(Dataset excerpts)

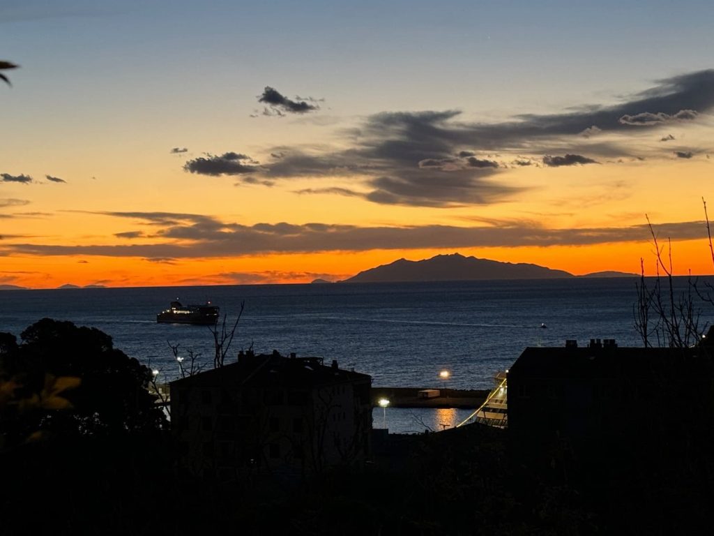 Catching a departing ferry at sunrise can be spectacular! (View from our Hotel Le Bastia room)
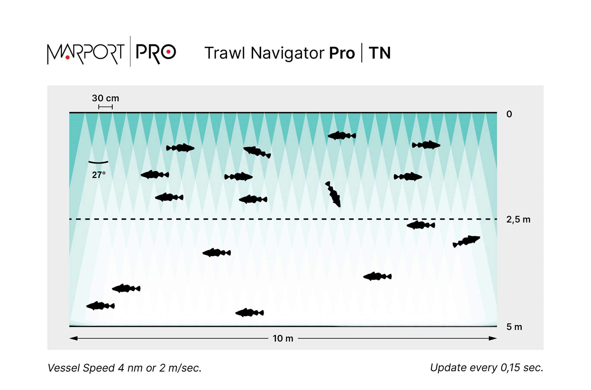Marport Trawl Navigator Pro (TN-155-W) is a high-definition net sounder, designed to operate on the trawl headline. It does not replace Trawl Explorer (TE-155-W), it is a new addition to Marport's extensive sensor range.
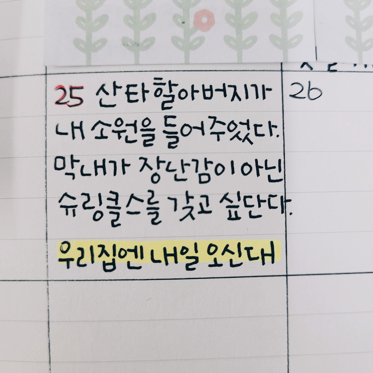 우리 집엔 내일 오신대.
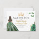 Meddela din speciella dag med en förtjusande Emerald Grönt Princess Quinceañera Spara datuminbjudan. Den här inbjudan anger tonen för ett royal firande. Den innehåller en vanlig smaragdpalett och information om eleganten i färg. Med delikata accenter som passar en prinsessa fångas magin av din kommande quinceañera. Den här tidlösa designen av gäster från inbjudan för att markera sina kalendrar och förbereda en oförglömlig dag fylld med skönhet, glädje och omhuldade minnen när du firar din 15-årsdag i stil.
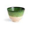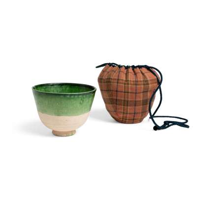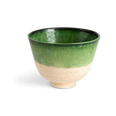 supported on a short foot with flattened base, rising to rounded sides and gently everted rim, applied with a luscious green glaze in the interior and stops irregularly around the middle of the exterior, exposing the creamy buff body, with a fitted Japanese cloth pouch and a tomokako wooden box
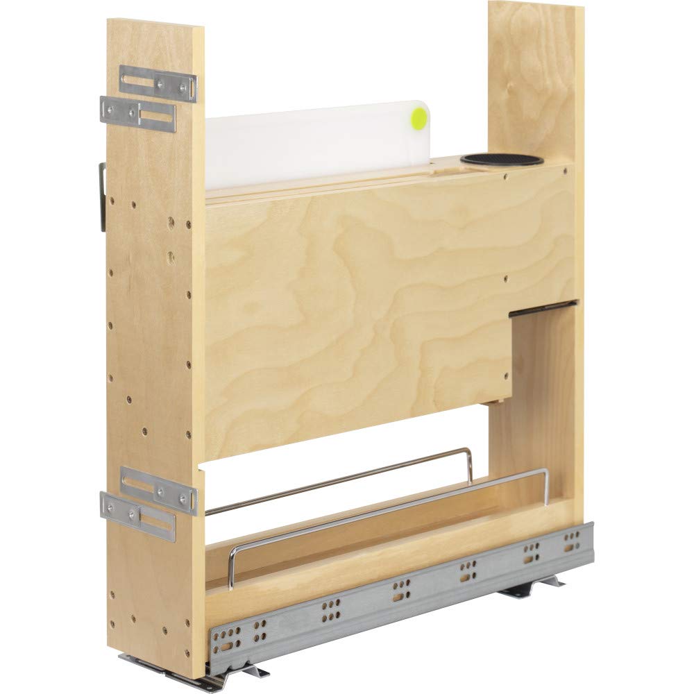 Protect your knife blades and maximize your cabinet storage, all while clearing your counters, with our clever 5" knife pullout featuring premium soft-close undermount slides and patented "No Wiggle" top-mounting bracket with heavy-duty slide. Eliminates side-to-side movement and sag commonly seen in other pullouts. The double-sided magnetic bar has 31.5" of storage space and can accommodate blades up to 9" with a 6" handle. Rear plastic insert holds additional steak knives. Ships fully assembled with a magnetic bar, knife insert, and plastic cutting board, and open bottom shelf for additional storage. Everything a home chef needs to efficiently meal prep! Slides are pre-installed for quick and easy installation.
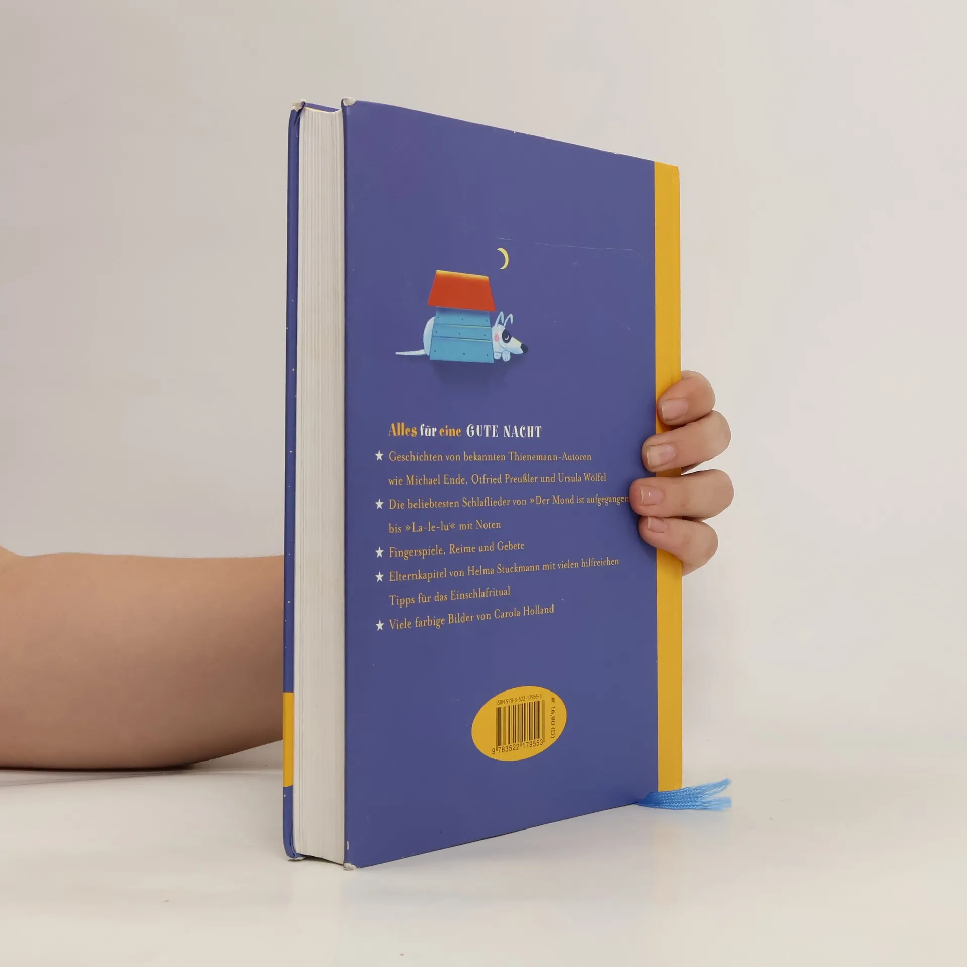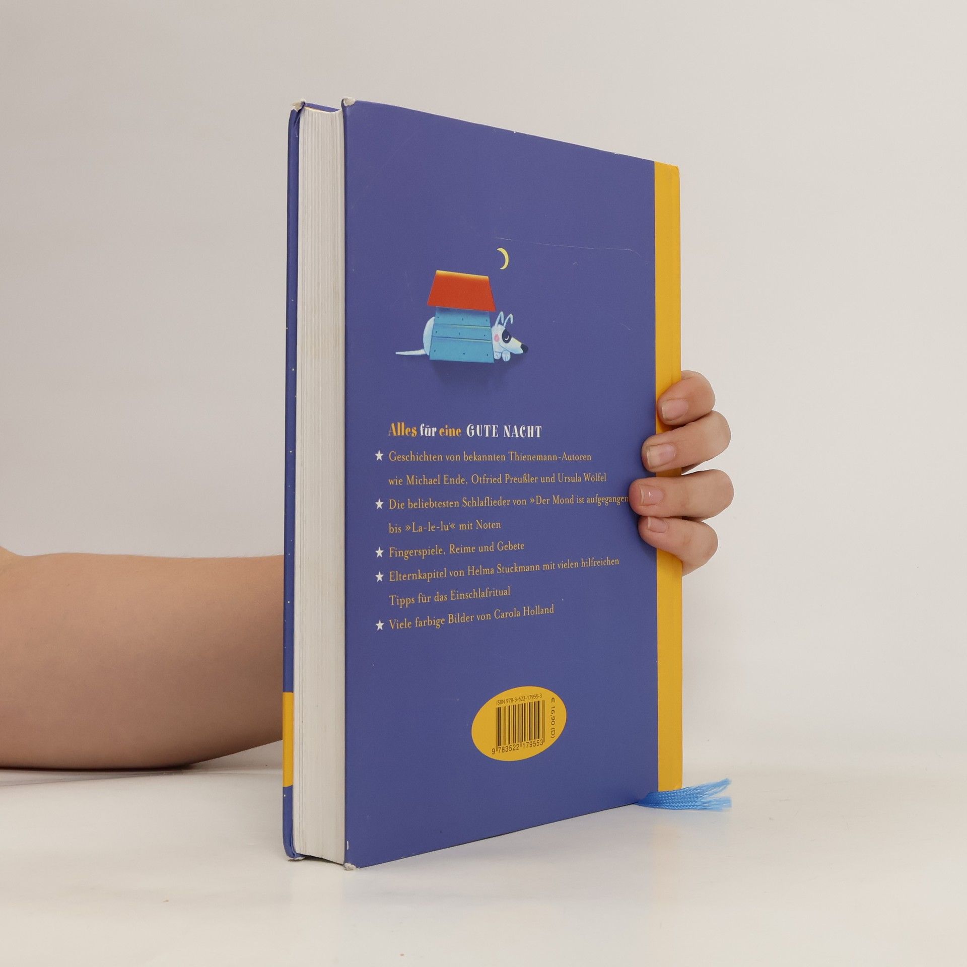 Wenn es Zeit ist, schlafen zu gehen, gibt es nicht Schöneres, als sich ins Bett zu kuscheln und den Tag gemeinsam ausklingen zu lassen. Und dazu gehört natürlich eine Gute-Nacht-Geschichte. Oder ein Schlaflied. Oder Fingerspiele, Reime und Gebete. In diesem Buch ist für jede Stimmung das Passende dabei. - Geschichten von bekannten Thienemann-Autoren wie Michael Ende, Otfried Preußler und Ursula Wölfel - Die beliebtesten Schlaflieder von „Der Mond ist aufgegangen“ bis „La-le-lu“ mit Noten - Mit vielen farbigen Illustrationen von Carola Holland - Elternkapitel von Helma Stuckmann mit vielen hilfreichen Tipps für das Einschlafritual Ab 4 Jahren

### EXERCISE DETAILS
When pictures appear in the records above, leave them out and reproduce exactly each line from the first through the line containing "우리 집엔 내일 오신대.", both included.

### WRITTEN SOLUTION
 Catching a departing ferry at sunrise can be spectacular! (View from our Hotel Le Bastia room)
Marport Trawl Navigator Pro (TN-155-W) is a high-definition net sounder, designed to operate on the trawl headline. It does not replace Trawl Explorer (TE-155-W), it is a new addition to Marport's extensive sensor range.
 우리 집엔 내일 오신대.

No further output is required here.